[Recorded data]
_ _ _ _ _ _ _
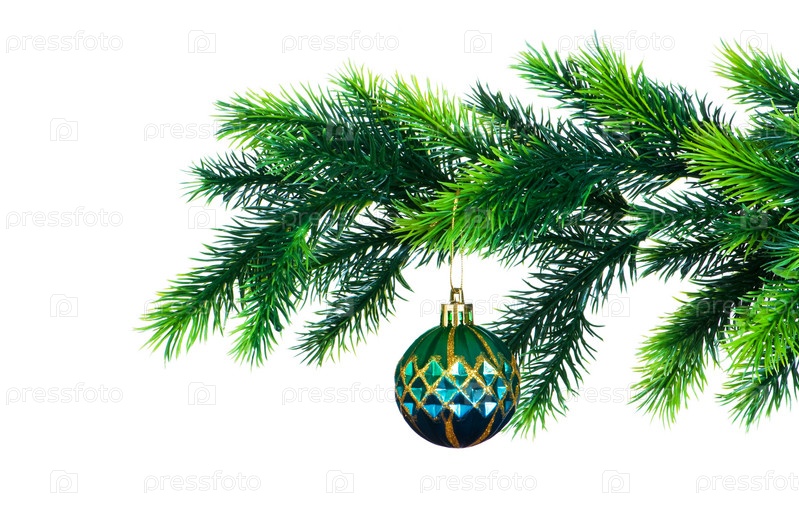 Красивый шарик на ветке на белом фоне
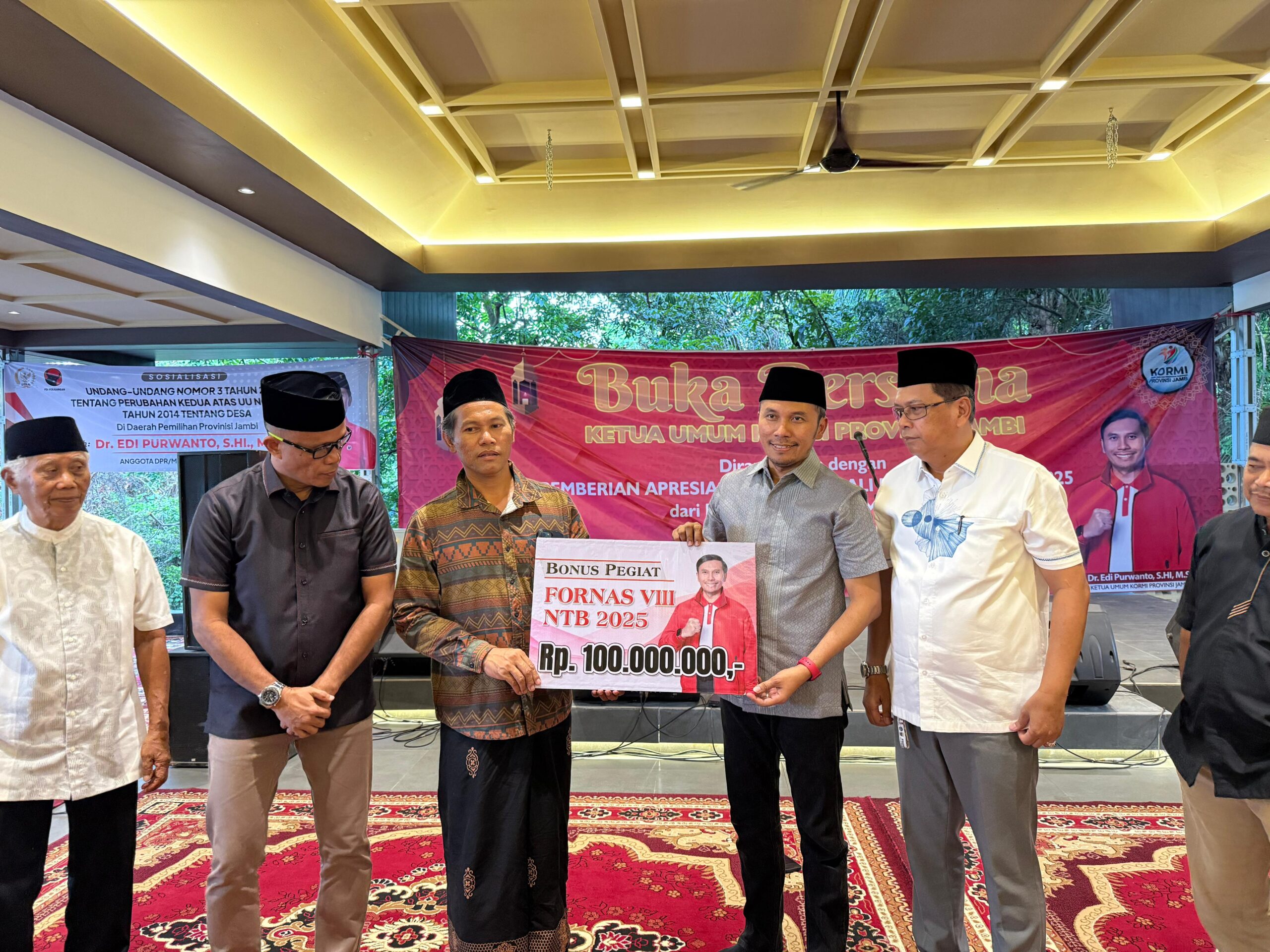 JAMBI – Ketua Komite Olahraga Masyarakat Indonesia (KORMI) Provinsi Jambi, Edi Purwanto, memberikan apresiasi nyata bagi para pegiat olahraga yang sukses mengharumkan nama daerah di kancah nasional. Dalam suasana hangat buka puasa bersama keluarga besar KORMI Jambi (28/2/2026), Edi menyerahkan bonus uang tunai kepada para peraih medali Festival Olahraga Masyarakat Nasional (FORNAS) VIII di Nusa Tenggara Barat (NTB).
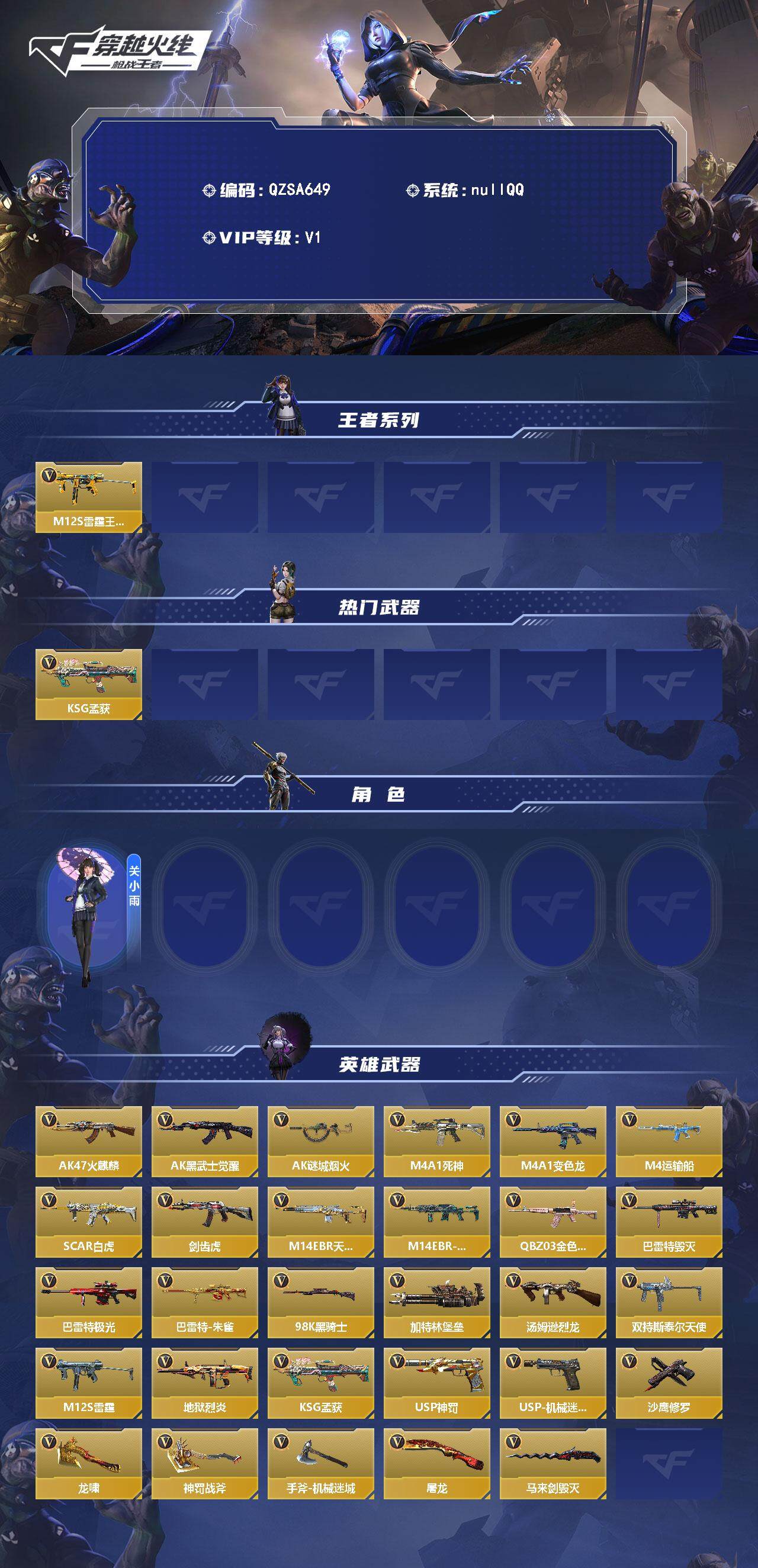 【qzsa649】vip1/62v/1王者/m12s-雷霆王者/ksg-孟获/关小雨/ak47-火麒麟/ak47-黑武士觉醒/ak47-谜城烟火/m4a1-死神/m4a1-变色龙/m4a1-运输船/scar light-白虎/剑齿虎/m14ebr-天神/m14ebr-玄武/q03-金色蔷薇/芭蕾特-毁灭/芭蕾特-极光/芭蕾特-朱雀/98k-黑骑士/加特林-堡垒/汤姆逊-烈龙/双持斯泰尔-天使/m12s-雷霆/地狱烈炎/usp-神罚/usp-机械迷城/沙鹰-修罗/龙啸/神罚战斧/手斧-机械迷城/屠龙/马来剑-毁灭
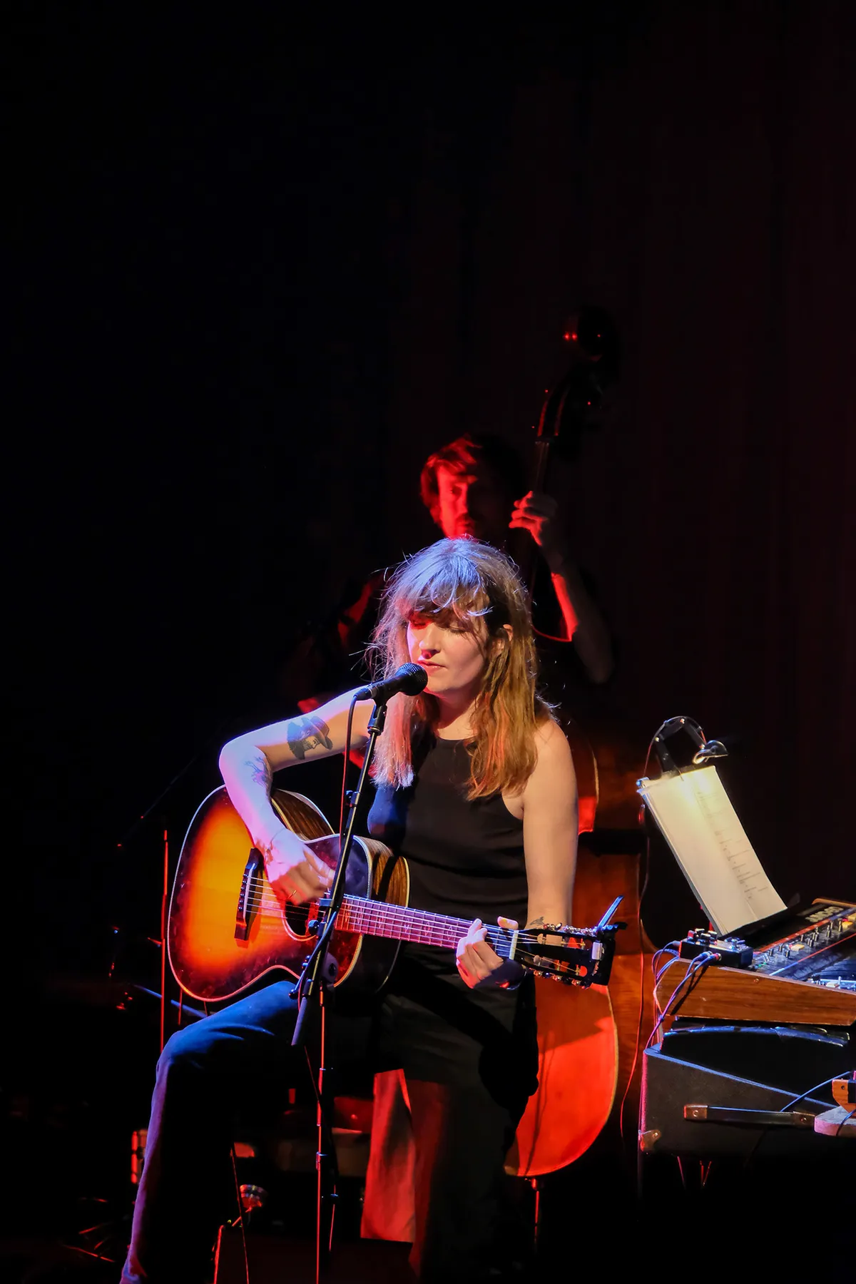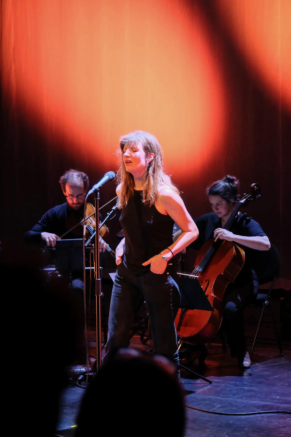 De zang van Roos klinkt loepzuiver en ze schakelt makkelijk (althans, zo lijkt het) een paar octaven hoger, zoals in het nummer ‘Sirene’. Haar zang is de ene keer ingetogen, een andere keer weer heel intens. Roos is authentiek, in hoe ze praat, wat ze zegt, in hoe ze zich beweegt over het podium. Dat maakt haar tamelijk uniek. Je houdt van haar liedjes of niet. Maar wie goed luistert naar haar teksten weet dat haar woorden er echt toe doen. Roos is niet meer het meisje met het rode piekhaar van weleer. Nee, vanavond staat hier een volwassen vrouw die de klappen van de zweep inmiddels verstaat en op ‘Rodeo’ met briljante beeldspraak zingt over de tegenslagen in het leven: “zie me liggen in het natte stro / dit is niet mijn eerste rodeo’. Op gepaste wijze verdwijnt ze halverwege het nummer achter de opzwellende strijkers waardoor het orkest in volle kracht kan excelleren en wij in een soort van extase geraken. Het zal niet de laatste keer zijn deze avond dat SunSunSunOrchestra ons in vervoering brengt. Alle leden van het ensemble krijgen hun verdiende aandacht. De ene keer is het de cello en een andere keer weer de altviool die bij ons de juiste snaar weet te raken. Samen met de andere strijkers zorgen ze voor een sfeerrijk klankenpallet en brengen ze het beste in elkaar naar boven. Dit alles bij elkaar gehouden door bandleider Tim Vandenbergh die al plukkend of strijkend op de snaren van zijn contrabas het fundament vormt van het orkest. Zelfs zijn gitaarkoffer gebruikt hij om het ritme te bepalen (met schoenen uit, al tikkend met zijn voeten).
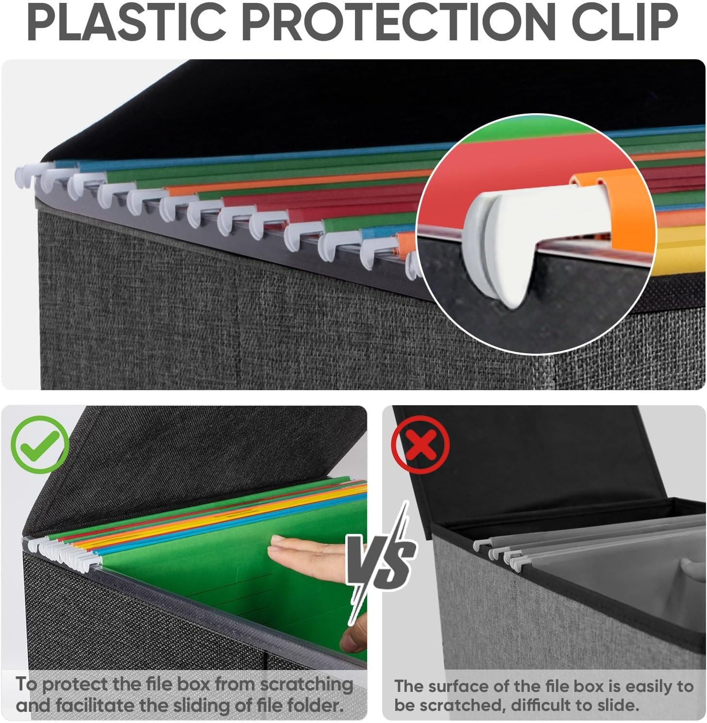 • [UNIVERSAL SIZE] Our file box with lid fits letter-sized files. It is designed for efficiency and functionality, with its smooth PVC slide rails on both sides, you can effortlessly slide file folders for easy access and neatly arranged. The lid fits snugly on the box after hanging folders. (NOTE: file folders are not included)
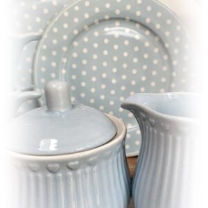 Melkkannetje plus suikerpot met deksel van porcelein lichtblauw
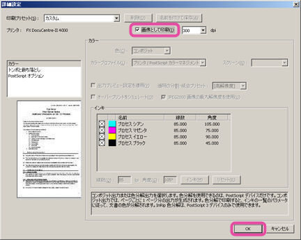 [画像として印刷]のチェックボックスにチェックを入れ、[OK]をクリックします。
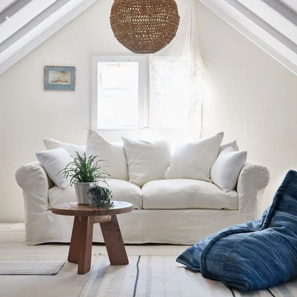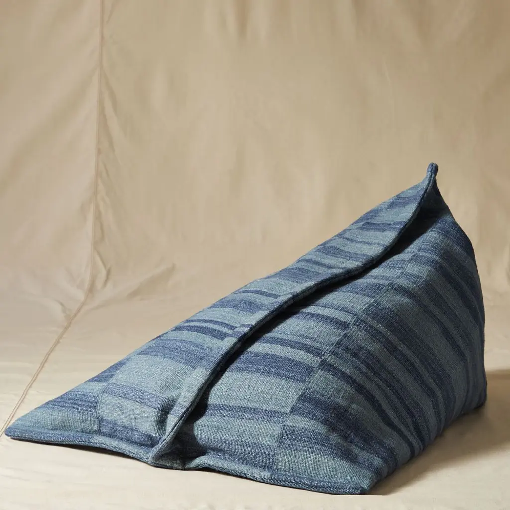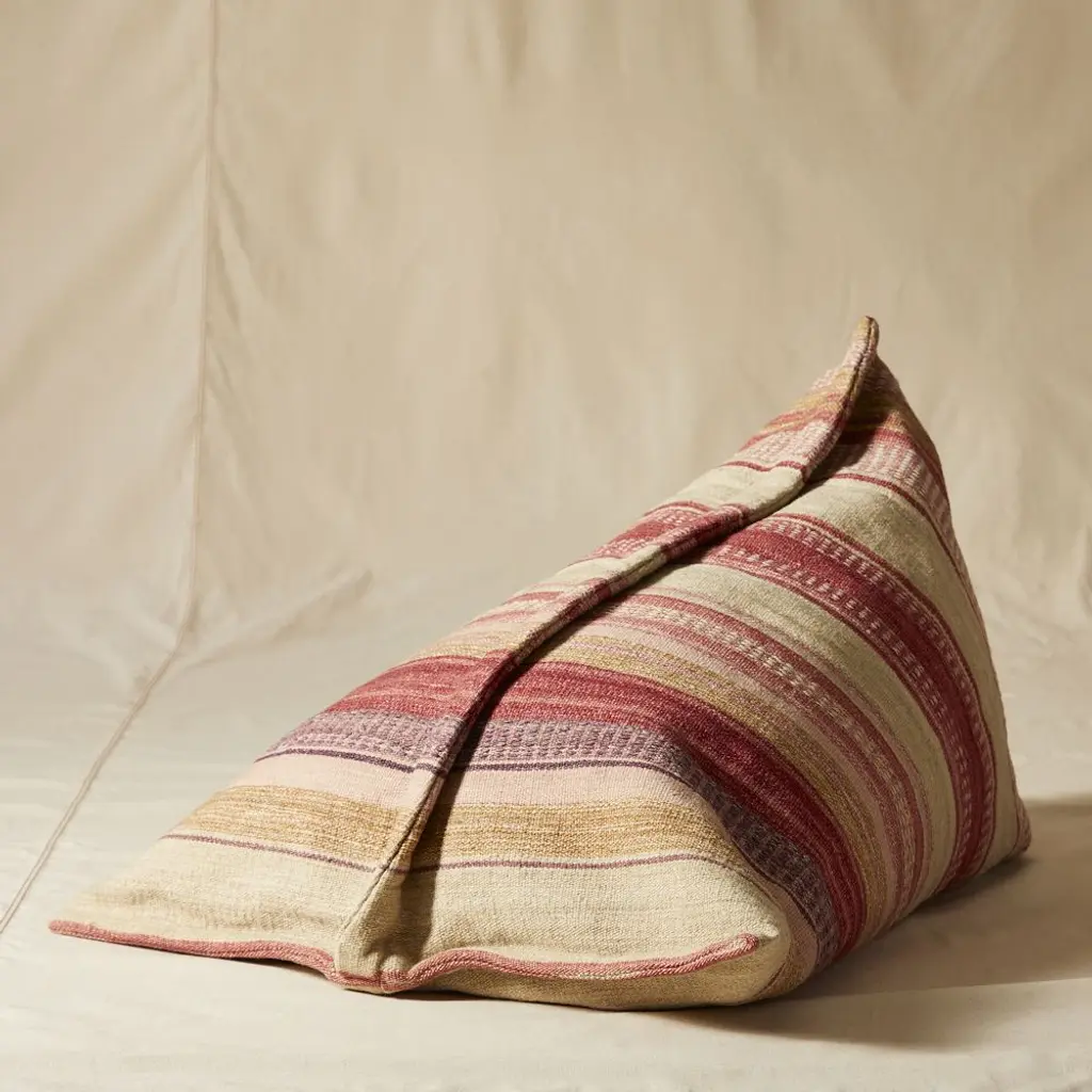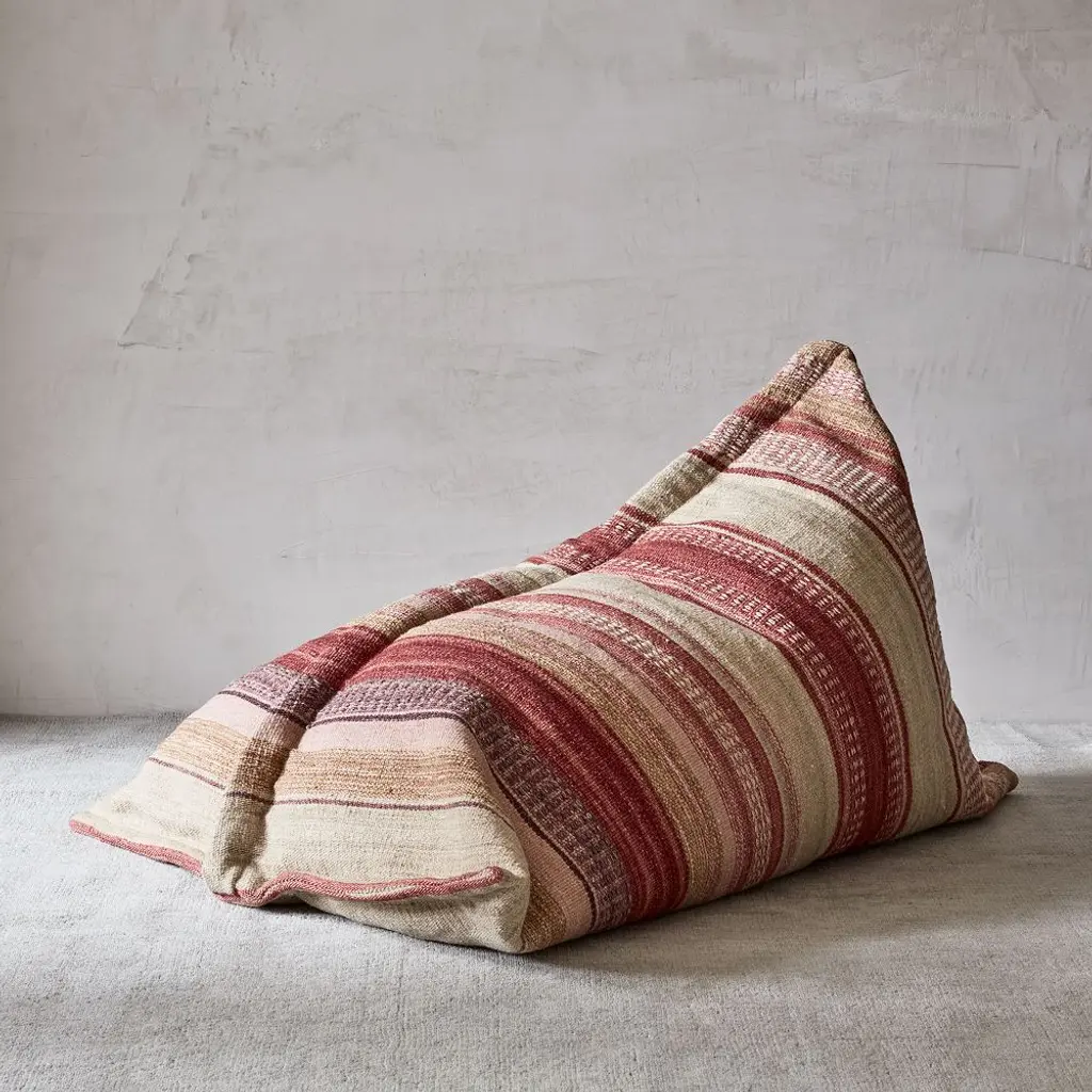 Laid-back lounging. A RWS-certified wool flatweave covers this large pouf, for low-slung seating that wears beautifully. With a flanged edge, the triangle shape gives it extra squish.
_ _ _ _ _ _ _
== REQUIRED ACTION ==
The answer must be an exact transcription of the lines from the one containing "[画像として印刷]のチェック" through the last line of the records above, both included, with no pictures.

== ANSWER TO THE EXERCISE ==
 [画像として印刷]のチェックボックスにチェックを入れ、[OK]をクリックします。
 Laid-back lounging. A RWS-certified wool flatweave covers this large pouf, for low-slung seating that wears beautifully. With a flanged edge, the triangle shape gives it extra squish.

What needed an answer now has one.